I’ve implemented a version of the Verifier class in many test scripts, so +1 to its inclusion. I’ve never needed something like your IsInstance, however.
pytest wants to display LHS and RHS and highlight their diff on failure of assert A == B, where a custom repr may help, but I don’t think that applies when using mock.assert_called_with.
import unittest
from unittest.mock import MagicMock
class Test(unittest.TestCase):
def runTest(self):
mock = MagicMock()
mock.func(1)
mock.func.assert_called_once()
self.assertIsInstance(mock.func.call_args[0][0], int)
self.assertTrue(mock.func.call_args[0][0] < 10)
While the proposal does simplify the existing approach, I wonder if the IsInstance test on a call argument is special or used often enough to justify it as a dedicated helper class. It seems to me that we should offer either a dedicated helper class for every equivalent assert* method, or just a Verifier helper class to minimize the burden of support with just a generalized class.
I could definitely see a world where we just add Verifier which makes it easy to use isinstance() via a lambda or similar to get the same behavior without needing IsInstance.
For me it winds up being when I have a type that doesn’t define __eq__(). Previously I wind up using ANY or manually going through mock_calls then args/kwargs to find and check the specific argument I’m couldn’t easily check.
For me I would use IsInstance for cases where I just want to be sure the right type was passed (and not something like None). I would use Verifier for slightly more complex cases, probably alongside a lambda to verify short things like: “The arg was smaller than 5”.

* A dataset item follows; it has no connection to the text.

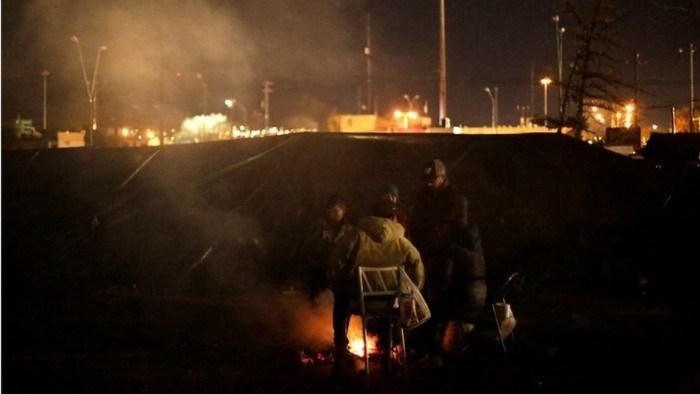 Temperaturas heladas han golpeado a la ciudad mexicana de Ciudad Juárez desde el miércoles, lo que ha puesto en riesgo a cientos de migrantes que montaron precarios campamentos cerca de los puentes que conectan a la localidad con la frontera de Estados Unidos.Alrededor de 550 personas que están esperando para solicitar asilo en EE.UU. están durmiendo en carpas en las calles cercanas a los puntos de cruce fronterizos, según información del gobierno local.Casi la mitad de esos migrantes son niños menores de 12 años.La mayoría son mexicanos que huyen de la pobreza y de los altos niveles de criminalidad.Las temperaturas bajo cero han afectado la región esta semana y se extenderán durante el fin de semana, según las predicciones del tiempo.Funcionarios del gobierno mexicano empezaron a trasladar a grupos que estaban viviendo en las calles a refugios como El Buen Samaritano.Pero muchos de los migrantes prefirieron quedarse por temor a perder su turno en la fila de los que cruzan la frontera para pedir asilo.La agencia de Aduanas y Protección Fronteriza estadounidense (CBP, por sus siglas en inglés) impuso estrictos límites en cuanto al número de personas al que permite solicitar asilo al día en los puertos de entrada fronterizos, en un proceso que en inglés recibe el nombre informal de metering.Esto genera una acumulación de casos y un retraso en el lado mexicano de la frontera, donde la espera puede durar entre días y meses.Una lista de espera del gobierno mexicano en Ciudad Juárez acumula unos 1.200 nombres en la actualidad.Funcionarios dijeron que están buscando reunirse con su contraparte en EE.UU. para crear un sistema en el que aquellos que estén próximos a ser llamados en la lista sean localizados y llevados a la frontera sin tener que acampar cerca de los puentes.El número de personas en los campamentos ha decrecido desde el pasado agosto de 3.500 a 550. Muchos de los que han abandonado la ciudad argumentaron sentir miedo de exponer a sus hijos a temperaturas invernales.Todas las imágenes están sujetas a derechos de autor.Ahora puedes recibir notificaciones de BBC Mundo. Descarga la nueva versión de nuestra app y actívalas para no perderte nuestro mejor contenido.JM

I’ve also made a number of one off Verifier-like classes when the type does have __eq__(), but I only care about some of the values or a value might be hard to control. For example: an integration test where the database is automatically setting a created_at field. Most of the time I want to confirm that all the fields of the dataclass have the correct value, but am less interested in the exact value of the one datatime instance.
These both fail against types that already know how to compare themselves against arbitrary types, preventing IsInstance.__eq__ or Verifier.__eq__ from being called at all.

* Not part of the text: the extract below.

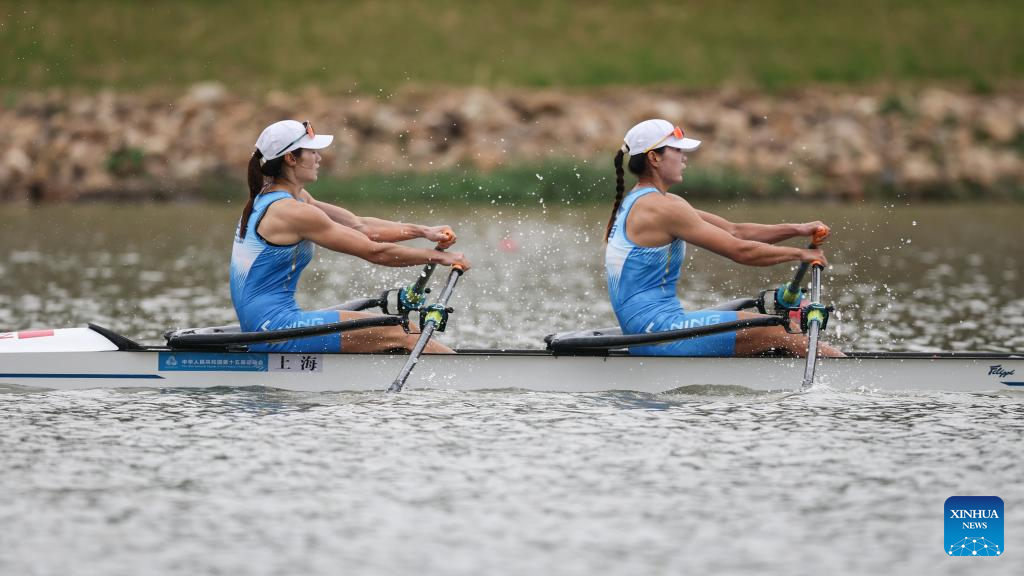 Chen Yunxia (L)/Zhang Ling of Shanghai compete during the women's double sculls final of rowing at China's 15th National Games in Guangzhou, south China's Guangdong Province, Nov. 11, 2025. (Xinhua/Pan Yulong)

Do you have an example? These follow very similar logic to ANY in unittest.mock today. I thought it does comparisons with the thing in the assert call on the correct side so it’s __eq__ gets called.
No I think when I ran my test, I was careless about what got passed to mock.func and IsInstance, and interpreted the expected error as a false positive.
I think dirty_equals.IsInstance is exactly your proposed IsInstance class, while dirty_equals.FunctionCheck is exactly your proposed Verifier class, so the usage with mock.assert_called_once_with would be the same as that of your proposal.
Oh wow you’re right. I can definitely use this where needed. I think there could be value in something like this being an included battery, but this library works well for me.